GC content correlation with coverage.

Picard CollectGcBiasMetrics

java -jar picard.jar CollectGcBiasMetrics \
    I=input.bam \
    O=gc_bias_metrics.txt \
    CHART=gc_bias_chart.pdf \
    S=gc_summary.txt \
    R=reference.fa

deepTools computeGCBias

computeGCBias \
    -b input.bam \
    --effectiveGenomeSize 2913022398 \
    -g hg38.2bit \
    -o gc_bias.txt \
    --biasPlot gc_bias.pdf

Interpret GC Bias

| Issue | Symptom | |-------|---------| | Under-representation | Low GC coverage drops | | Over-representation | High GC coverage elevated | | PCR bias | Strong correlation |

Strand Balance

A balanced 0.48-0.52 forward/reverse ratio applies to WGS / WES / generic DNA-seq on autosomes. Expected to deviate for: stranded RNA-seq (deliberately strand-asymmetric -- verify with RSeQC infer_experiment.py), bisulfite (CT vs GA), small-RNA / strand-specific RNA-seq, and chrY/chrM regions. Per-chromosome strand imbalance >5% on autosomes is a field-convention rule of thumb (no single primary citation) — it picks up aligner artifacts; on chrX/chrY it suggests sex-mismatch.

Calculate Strand Ratio

forward=$(samtools view -c -F 16 input.bam)
reverse=$(samtools view -c -f 16 input.bam)
echo "Forward: $forward"
echo "Reverse: $reverse"
ratio=$(echo "scale=4; $forward / $reverse" | bc)
echo "F/R ratio: $ratio"

Check Strand Bias per Chromosome

for chr in chr1 chr2 chr3; do
    fwd=$(samtools view -c -F 16 input.bam $chr)
    rev=$(samtools view -c -f 16 input.bam $chr)
    echo "$chr: F=$fwd R=$rev ratio=$(echo "scale=2; $fwd/$rev" | bc)"
done

Mapping Quality Distribution

Extract MAPQ Distribution

samtools view input.bam | cut -f5 | sort -n | uniq -c | sort -k2 -n

Calculate Mean MAPQ

samtools view input.bam | awk '{sum+=$5; count++} END {print "Mean MAPQ:", sum/count}'

MAPQ Distribution Is Bimodal and Aligner-Specific

Mean MAPQ is misleading; distributions are bimodal (0 and aligner-max). For aligner-specific scales and "unique mapping" sentinels, see sam-bam-basics. The fraction of primary mapped reads at MAPQ >= 30 is a more informative summary than the mean.

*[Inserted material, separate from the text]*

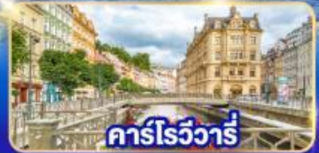
คาร์โรวารี

Chromosome Coverage Balance

Calculate Per-Chromosome Coverage

samtools idxstats input.bam | awk '{print $1, $3/$2}' | head -25

Check for Aneuploidy / Sex Chromosome Imbalance

Median-normalized per-autosome coverage (1.0 = expected diploid; 0.5 = monosomy/sex; 1.5 = trisomy):

samtools idxstats in.bam | awk '$2>0 && $1!~/^chr[XYM]|^GL|^KI|^chrUn|^chrEBV/ {
    cov[$1] = $3 / $2
}
END {
    n = asort(cov, sorted)
    med = sorted[int(n/2)+1]
    for (c in cov) printf "%s\t%.3f\n", c, cov[c]/med
}'

For full ancestry / contamination / relatedness checking, use verifybamid2, somalier, or peddy -- they account for population AFs, not just per-contig depth.

Mismatch Rate

Picard CollectAlignmentSummaryMetrics

java -jar picard.jar CollectAlignmentSummaryMetrics \
    I=input.bam \
    R=reference.fa \
    O=alignment_summary.txt

Key Metrics

| Metric | Description | Good Value | |--------|-------------|------------| | PCT_PF_READS_ALIGNED | Mapped % | > 95% | | PF_MISMATCH_RATE | Mismatches | < 1% | | PF_INDEL_RATE | Indels | < 0.1% | | STRAND_BALANCE | Strand ratio | ~0.5 |

Comprehensive Validation Script

Goal: Run all key alignment QC checks in a single pass and generate a summary report.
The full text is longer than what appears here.